Deutlich mehr Toleranz zeigen die Österreicher gegenüber homosexuell orientierten Menschen, hier hat sich das Image offenbar deutlich verbessert. In Summe drücken die Menschen jedoch Ablehnung viel deutlicher aus als noch vor zehn oder 20 Jahren. Besonders zu Rechtsextremisten, Muslimen, psychisch labilen Personen, vorbestraften Personen und Menschen mit anderer Hautfarbe gehen die Österreicher auf Distanz. Die Ausländerfeindlichkeit ist messbar gestiegen. Interessanterweise sind hier nicht jene Vorreiter, denen es objektiv schlecht geht – in Bezug auf Einkommen, Bildungsniveau, Arbeitslosigkeit –, sondern vor allem jene, die vom politischen System und den Parteien enttäuscht sind, politisch nicht oder nicht mehr interessiert und subjektiv eher unglücklich und frustriert sind.
Prognosen für die Zukunft : Was könnte sich wertemäßig mittelfristig hierzulande verändern ?
Es ist spannend, dass öffentlich wieder viel über Werte diskutiert wird.

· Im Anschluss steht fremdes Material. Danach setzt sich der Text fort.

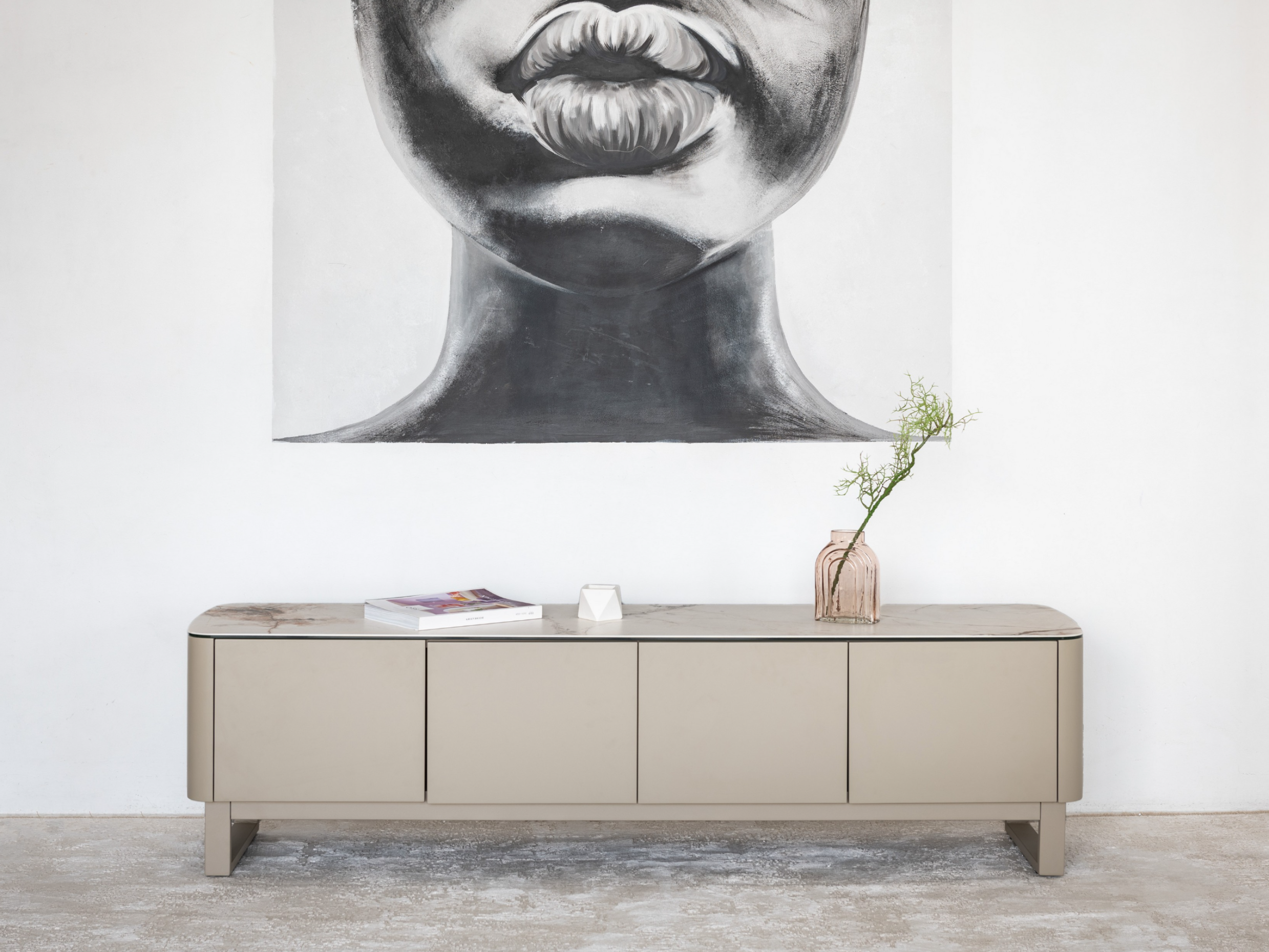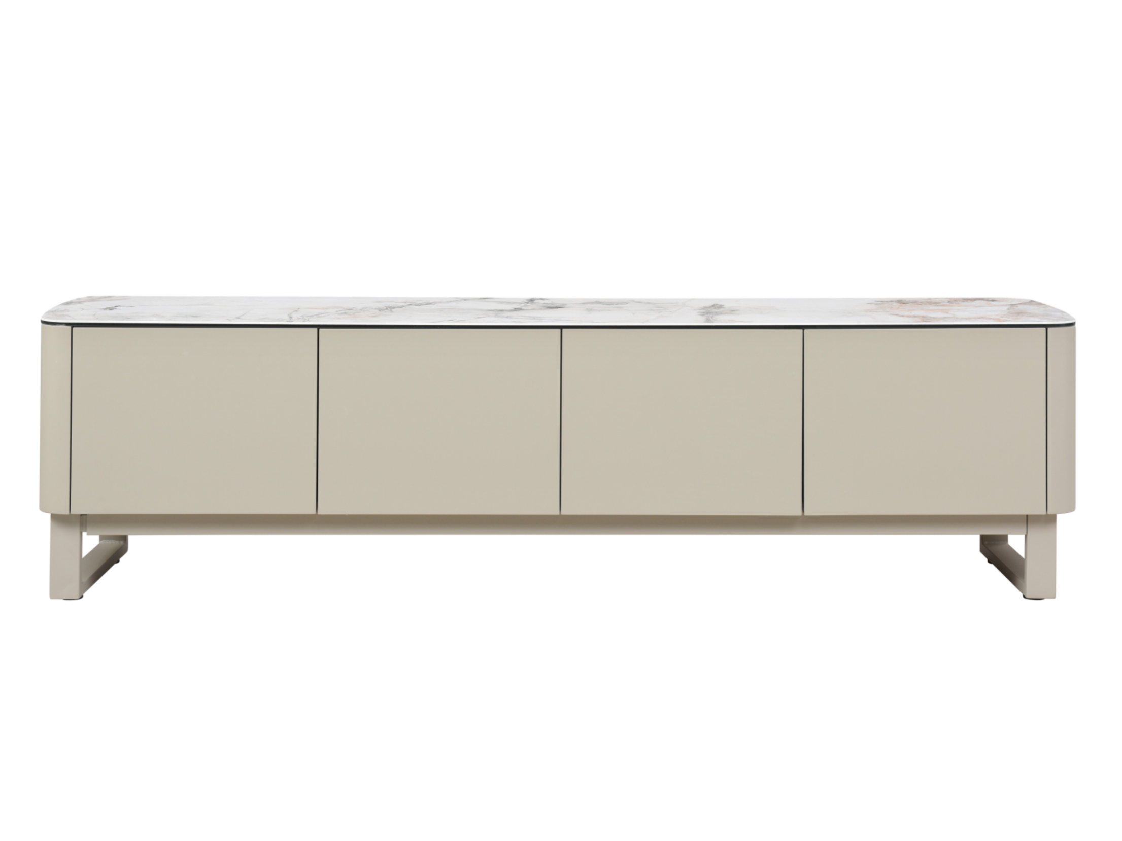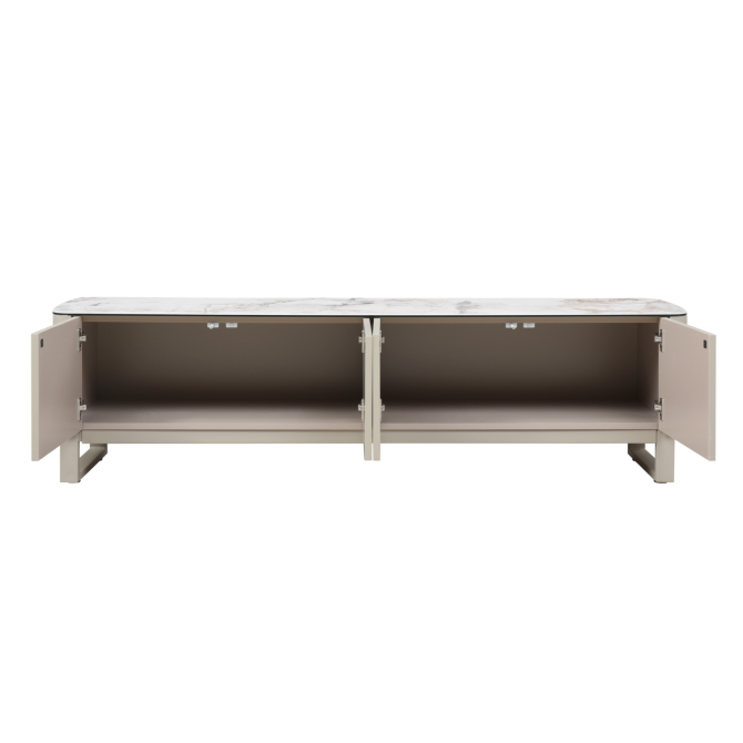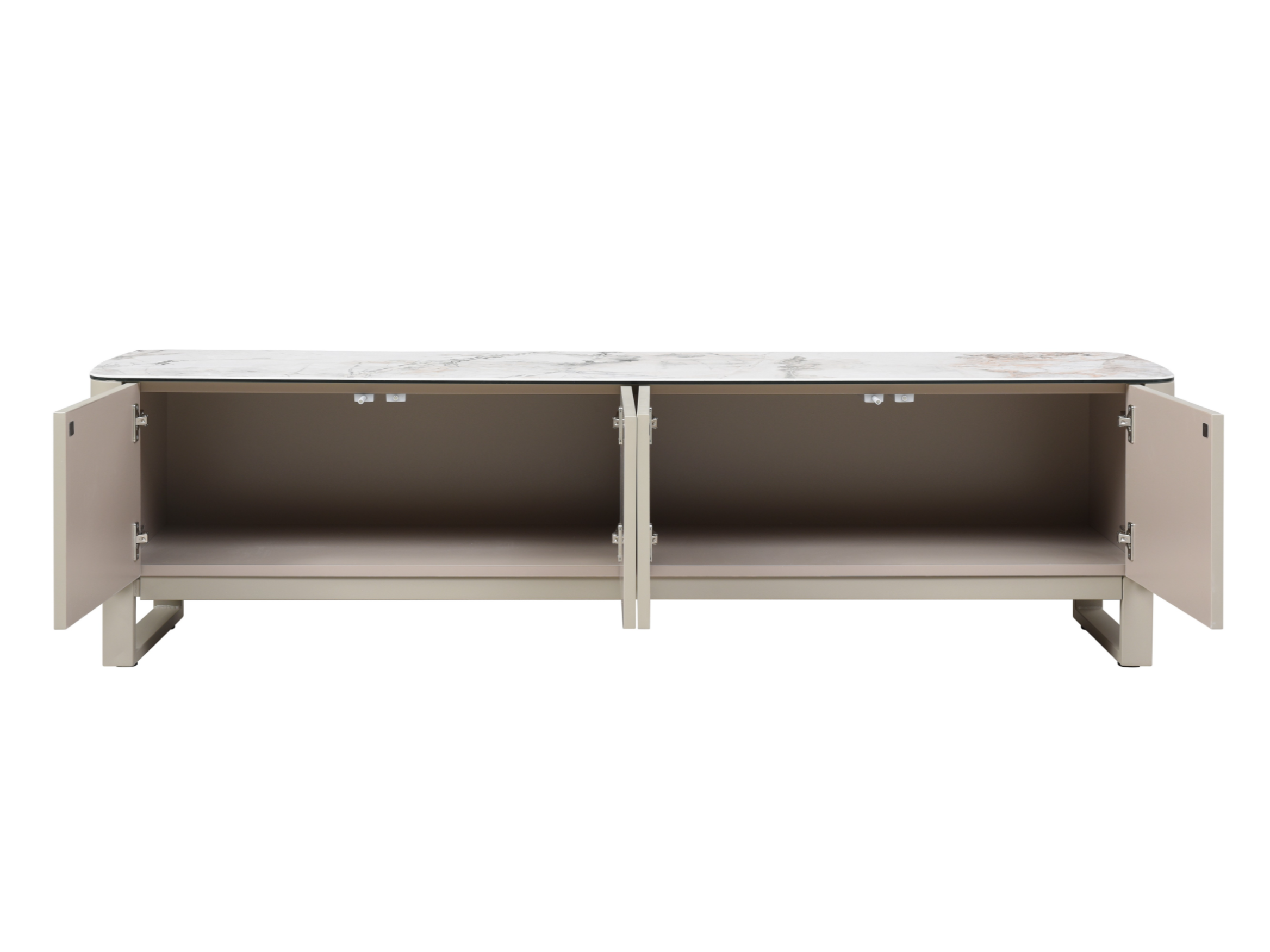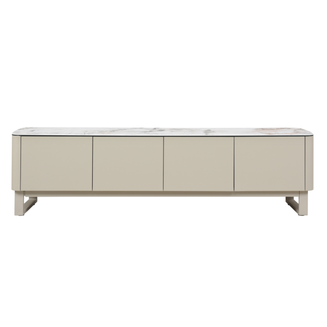 Основа з фарбованого металу в бежевому кольорі додає конструкції стабільності та гармонійно вписується в сучасний інтер’єр. Завдяки продуманим розмірам 180×44×48 см тумба є місткою, пропонуючи зручне місце для телевізора, техніки та інших аксесуарів.

Der Ruf nach „Werten“ hat auch etwas mit Verunsicherung zu tun, mit der Sehnsucht nach Klarheit und Beständigkeit. Pluralitätsfähigkeit, das Aushalten von Vielfalt und gleichzeitig das verantwortungsvolle Arbeiten an Konsenslösungen für gesellschaftliche Konfliktfälle wird auch zu den Werten der Zukunft gehören – müssen. Konsens lässt sich aber erst erreichen, nachdem man sich auseinandergesetzt hat. Das ist eine große Herausforderung für die politische und zivilgesellschaftliche Kultur in Österreich, wie die Daten der Wertestudie ganz eindeutig belegen.
Zur Person
Ursula Hamachers-Zuba (1971) absolvierte ein Studium der Theologie und Sozialwissenschaften an der Ruhruniversität Bochum und der Universität Wien, welches sie mit einem Doktorat im Fach Pastoraltheologie abschloss. Seit 1998 ist sie am Institut für Praktische Theologie der Katholisch-Theologischen Fakultät der Universität Wien (Pastoraltheologie) tätig. Zwischen 1997 und 2004 war sie zudem wissenschaftliche Mitarbeiterin im Ludwig Boltzmann-Institut für Werteforschung und im Pastoralen Forum.